The histogram part shows you an overview of the data distribution in ASCII art. In this case, there are two data sets, `+` and `x` and for each value in the data set, they are plotted in ASCII ,so you can see the distribution. If points are overlapping, a `*` would be printed in the diagram. Below the distribution plot, you have two bars, one for each dataset. The `M` and `A` are the median and average/mean respectively. In the case of the 2nd dataset, the median and average are at the same point, so only the `A` is plotted. The part with `|____…____|` signifies 1 standard deviation assuming a normally distributed data set.

## VITALS

Dataset: x N=10 CI=95.0000
Statistic     Value     [         Bias] (Bootstrapped LB‥UB)
Min:            3078.00
1st Qu.         3095.00
Median:         3110.00
3rd Qu.         3239.00
Max:            3513.00
Average:        3175.60 [     0.593130] (      3118.60 ‥       3297.30)
Std. Dev:       135.651 [     -14.7128] (      61.9459 ‥       216.422)

This part notes the vitals of the dataset in question. `N` is the number of observations, `CI` is the set confidence interval. Then follows a standard statistical summary of the data set: Min, Max, Median, Quartiles. The average (mean) of the data set is computed as well as the standard deviation.

In order to be more precise than a single point estimate, we also provide *intervals* for the average and standard deviation with a lower bound and an upper bound. That is, rather than telling you the mean is 3175 as a point, `eministat` tells you that the mean obtained from this particular sample is the interval 3118‥3297.

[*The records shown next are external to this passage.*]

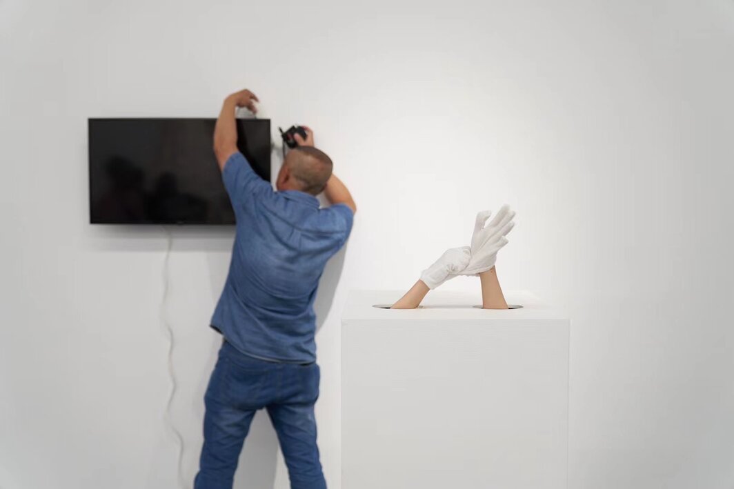 身体被装在展台里的状态,让我联想到“囚”字的象形:人被框住,限制了自由。我不再是一个人,只是一个拥有双手的对象,身份也因此变得不可见。正是展台的承托,让工作的手势从日常行为变成了表演。除此以外,刚开始驻地的时候,我端着摄像机走进工厂车间或布展中的画廊和美术馆,总是会引起工人的侧目。只要我在场,大家就变得拘谨,工人不再开玩笑、吹口哨,而是表现出沉默、认真、严肃的工作状态。劳动因为被观看变成了表演。而我的在场,就像是见证了美术馆和画廊的非营业时间里工人的演出。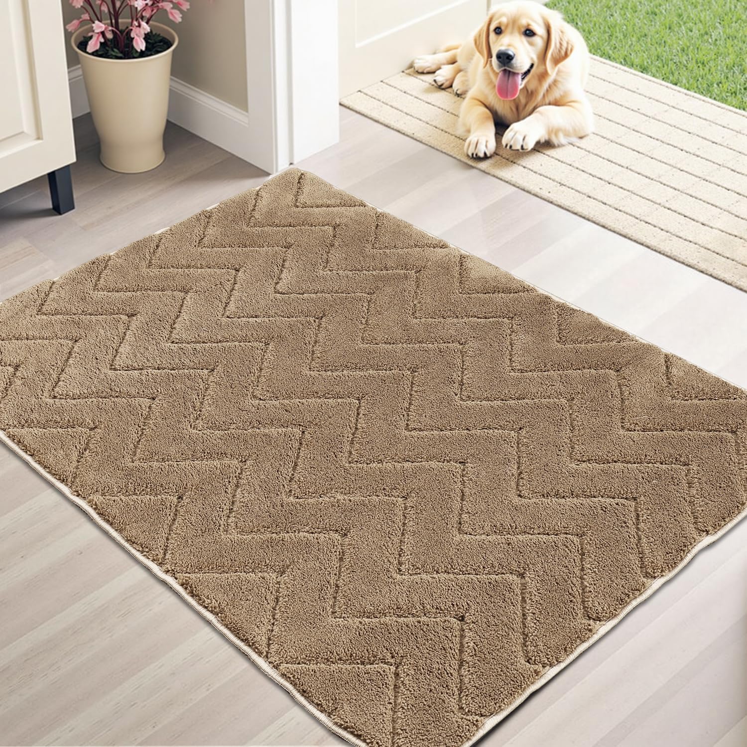- Catch Dirt & Moisture: Made of soft and absorbent fiber, it effectively trap moisture and debris from wet shoes or muddy paws, keeping your floors clean dry, and safe—especially on rainy or snowy days. We recommend choosing the largest mat that fits your space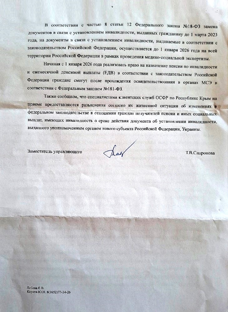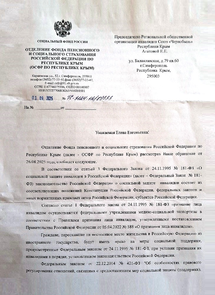 В Крыму установлена единовременная выплата пострадавшим в Чернобыльской аварии...........

It is important to stress that the procedure for computing the interval uses a 95% confidence (it is configurable). This does *not* mean that there is a 95% chance the interval contains the true population mean. The true mean is an unknown and no procedure can divine what it is. Rather the 95% refers to the *configuration* of the interval estimation procedure: if you were to repeat this experiment thousands of times, and you would compute a (different) confidence interval for each of those thouand samples, then it would tend to be the case that 95% of those intervals would contain the true population mean.

The system uses a bias-corrected accelerated bootstrap method to compute the bounds on the interval. It also computes the bias from the bootstrap to the sample parameter. In the above example, you see the bias of -14 in the std. deviation which means that the bootstrap procedure usually obtains a smaller standard deviation than the sample's estimate.

## OUTLIERS

Outliers: 0/1 = 1 (μ=3176.19, σ=120.938)
Outlier variance:    9.14370e-2 (slight)

We use a simple criterion for outliers. Define `IQR = Q3 - Q1` to be the interquartile range. Then any point which is further away from the mean than 1.5IQR is deemed an outlier. We report those as `Lower/Upper` where lower outliers are below the mean and upper outliers are above the mean.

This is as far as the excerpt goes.